ข้ามไปยังเนื้อหา

Cephalon.Retrieval

เนื้อหานี้ยังไม่ได้แปลเป็นภาษาไทย แสดงเป็นภาษาอังกฤษแทน

Maturity: M3 · Ownership: mixed: application-managed + cephalon-managed · Family: agentics · See audit, matrix.

Cephalon.Retrieval is the baseline technology pack for knowledge retrieval workloads.

  • retrieval options
  • module and registration entry points for the KnowledgeRetrieval technology
  • knowledge collection descriptors, registries, and catalogs
  • knowledge document provider contracts for module-owned source material
  • one Cephalon-managed lexical indexing and query execution baseline
  • index state implementation, freshness calculation, manual reindex execution behind the abstraction-level IKnowledgeIndexer, bounded query execution behind the abstraction-level IKnowledgeQueryEngine, opt-in background reindex scheduling, query counters, and runtime-surface contribution for introspection
  • Configuration/RetrievalOptions.cs
  • Modules/RetrievalModule.cs
  • Registration/RetrievalEngineBuilderExtensions.cs
  • Services/KnowledgeCollectionDescriptor.cs
  • Services/KnowledgeCollectionRegistry.cs
  • Services/KnowledgeCatalog.cs
  • Services/IKnowledgeCollectionContributor.cs
  • Services/IKnowledgeCatalog.cs
  • Services/IKnowledgeDocumentProvider.cs
  • Services/KnowledgeDocument.cs
  • Services/KnowledgeBackgroundReindexHostedService.cs
  • Services/KnowledgeQueryEngine.cs
  • Services/RetrievalRuntimeSurfaceContributor.cs
  • Configuration
  • Modules
  • Registration
  • Services

This pack provides the retrieval-side companion to Cephalon.Agentics. It models knowledge collections as a first-class selectable technology surface instead of embedding retrieval assumptions into the engine.
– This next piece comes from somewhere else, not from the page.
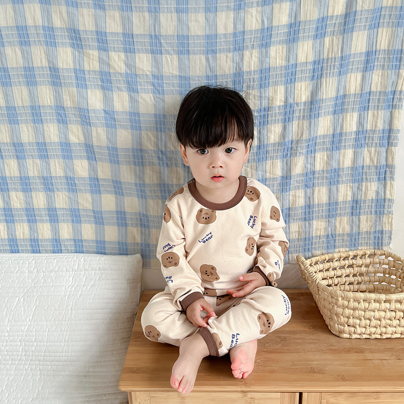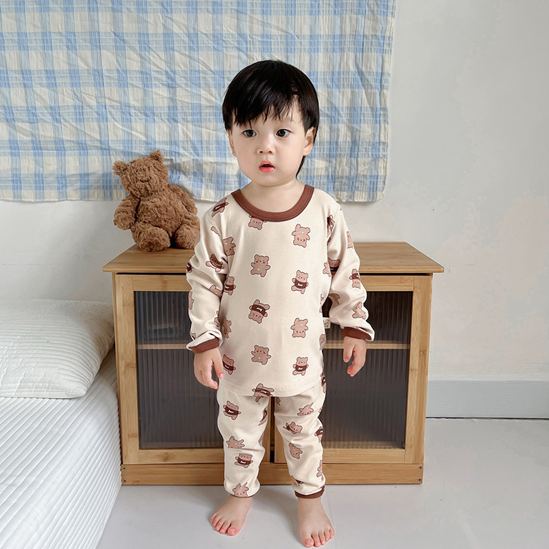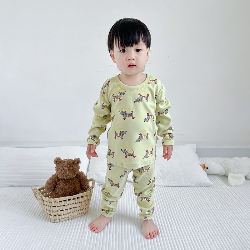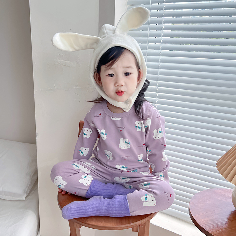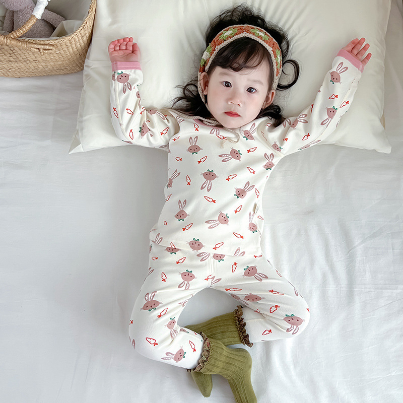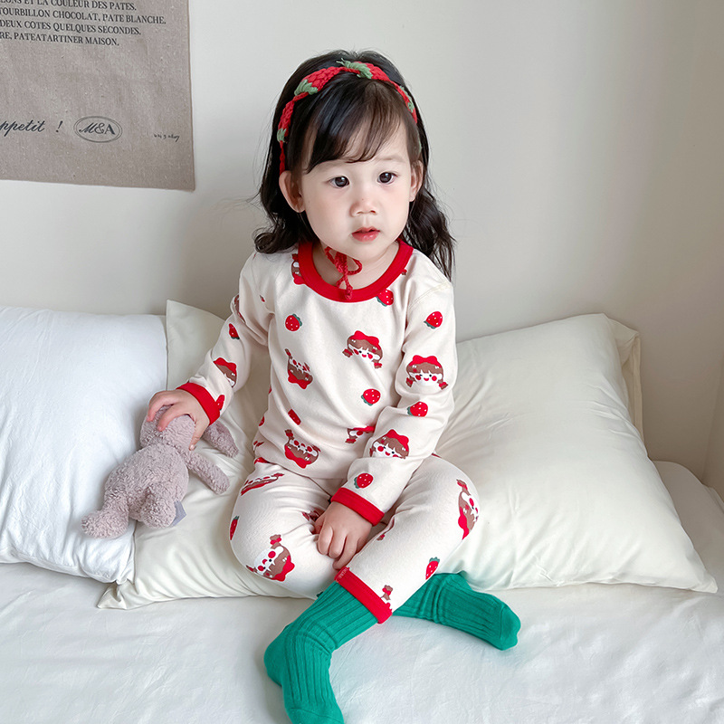 2023 가을과 겨울 새로운 어린이 속옷 세트 뼈없는 꽃 양모 풀 랙 두꺼운 아기 따뜻한 가을 옷 바지스토어 가기

When the KnowledgeRetrieval technology is selected, the pack can now index documents from registered IKnowledgeDocumentProvider services into an in-process lexical index, manually reindex a collection through the abstraction-level IKnowledgeIndexer, opt into an in-process background reindex scheduler, and execute bounded lexical queries through the abstraction-level IKnowledgeQueryEngine. Runtime surfaces report indexingOwnership, queryOwnership, backgroundReindexingOwnership, backgroundReindexingScheduled, provider readiness, latest indexing outcome, document count, query count, freshness state, and background scheduler scope/timing metadata so operators can distinguish an indexed collection from one that is still awaiting-provider, awaiting-index, or intentionally not scheduled.

The read-side index-state contract, manual reindex command seam, and bounded query command seam now live in Cephalon.Abstractions.Retrieval as IKnowledgeIndexCatalog, KnowledgeIndexState, KnowledgeIndexingOutcomes, KnowledgeIndexFreshnessStates, IKnowledgeIndexer, KnowledgeIndexingRequest, KnowledgeIndexingResult, IKnowledgeQueryEngine, KnowledgeQueryRequest, KnowledgeQueryResult, and KnowledgeQueryMatch. Cephalon.Retrieval remains the implementation owner for the managed lexical index and query loop, while Cephalon.Engine and host adapters can expose /engine/knowledge-indexes, /engine/knowledge-indexes/{collectionId}, POST /engine/knowledge-indexes/{collectionId}/queries, POST /engine/knowledge-indexes/{collectionId}/reindex, and snapshot.KnowledgeIndexes without taking a direct dependency on this implementation package.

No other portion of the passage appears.